Wyoming’s new "split-estate" law was meant to
give property owners more control over energy development on land
where the underlying minerals are owned by someone else, usually
the federal government. Now, the law has hit a huge obstacle
— the Bush administration.
Years of lobbying by
ranchers and environmentalists persuaded the Legislature to pass
the law in February (HCN, 2/7/05: Split-estate rebellion: Ranchers
take on energy developers). It was intended to help landowners
protect about 12.5 million acres of private land on which the
federal Bureau of Land Management controls the vast majority of oil
and gas leasing.
The state split-estate law holds energy
companies to much tougher standards than does the BLM. It requires
companies to pay landowners for any loss of income or "loss of land
value" caused by drilling, for instance.
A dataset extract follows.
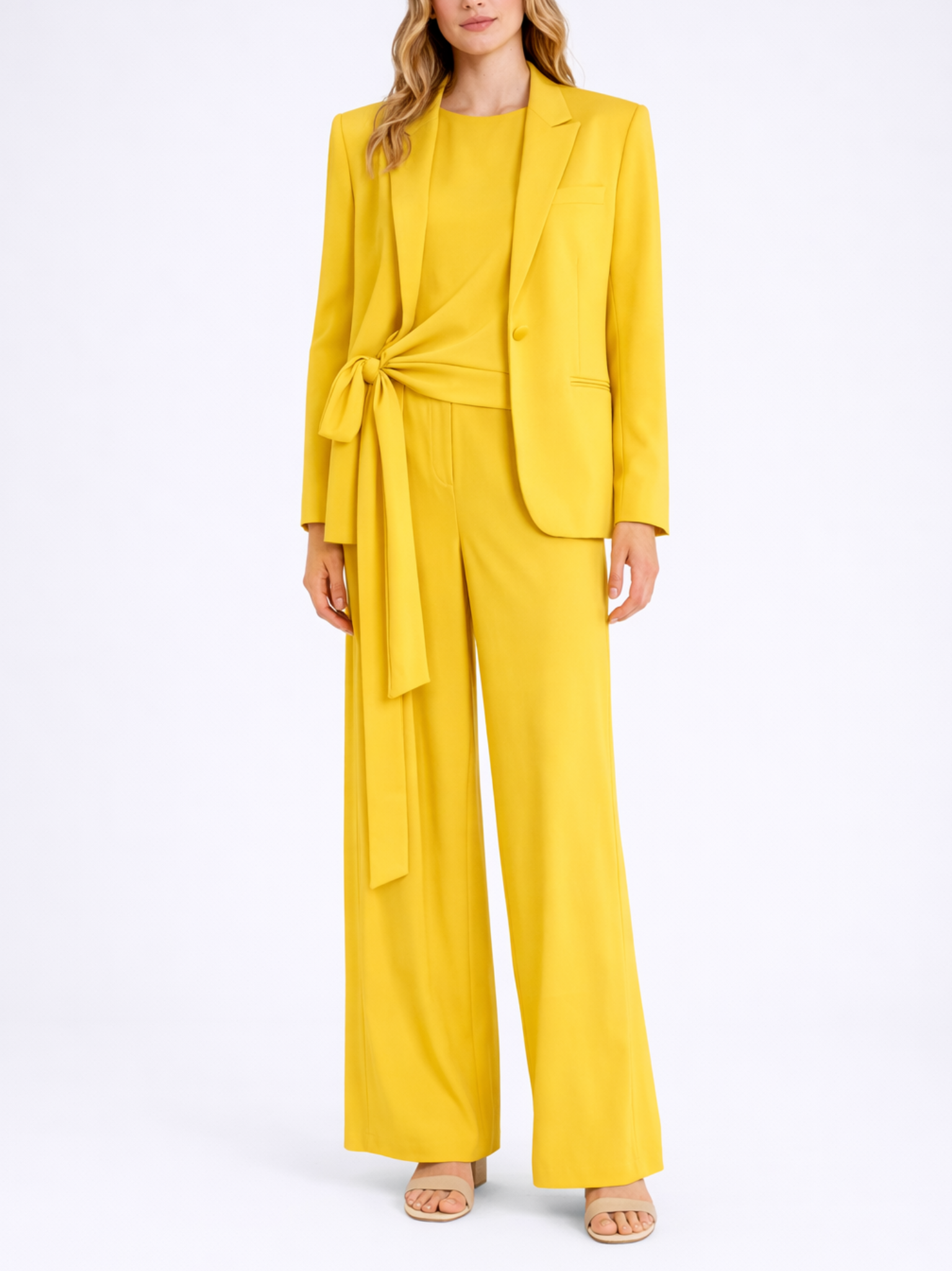La chaqueta entallada con solapas de pico completa el conjunto aportando estructura y equilibrio al look. Los bolsillos de ribete en la parte delantera y en el pecho, junto con el cierre frontal con botón, refuerzan su estética elegante y atemporal. Las mangas largas con puños abotonados añaden un acabado pulido y sofisticado que eleva el conjunto.
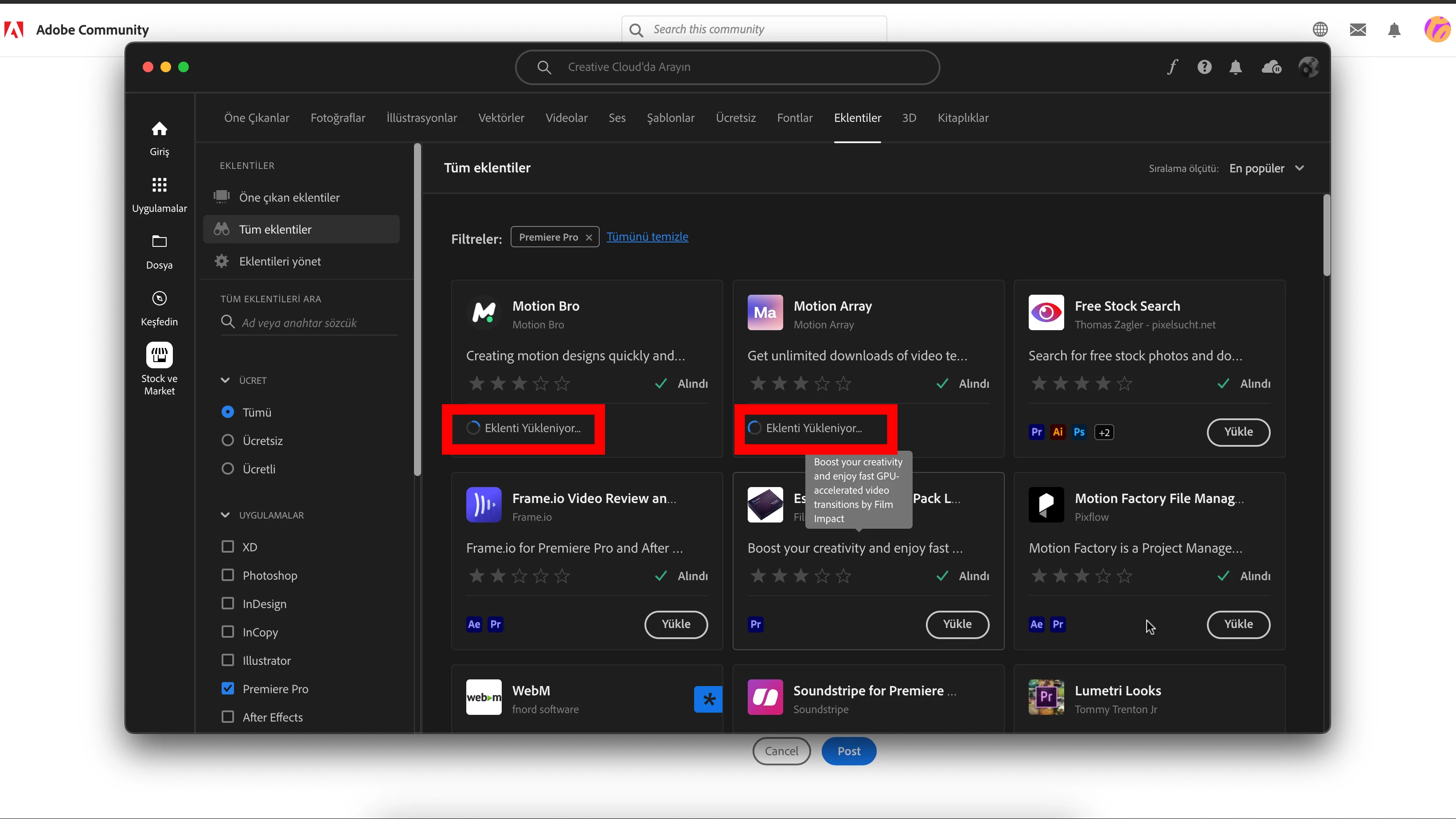 Sorry to hear about this. Is this happening with these two extensions or all of them? Have you tried signing out from Creative Cloud app & signing back in to check if it's working properly?

That broad definition
covers impacts to all aspects of ranching and farming, as well as
to dude ranches, bed-and-breakfasts, and hunting and fishing
operations, says Laurie Goodman, president of the Landowners
Association of Wyoming, which pushed for the law.
The
BLM, by comparison, requires companies to pay landowners only for
damages to crops or to land improvements, such as stock ponds. In a
June 13 letter to Wyoming officials, Kathleen Clarke, head of the
BLM, said the state law imposes "inappropriate ... economic
burdens" and potential delays on companies. So, she concluded, the
state law should not apply to private lands where the BLM handles
oil and gas leasing.
But Wyoming Attorney General Pat
Crank vows to enforce the state law on those private lands, even if
it means court battles. Crank says Wyoming "doesn’t need
Clarke to tell us what is and isn’t reasonable."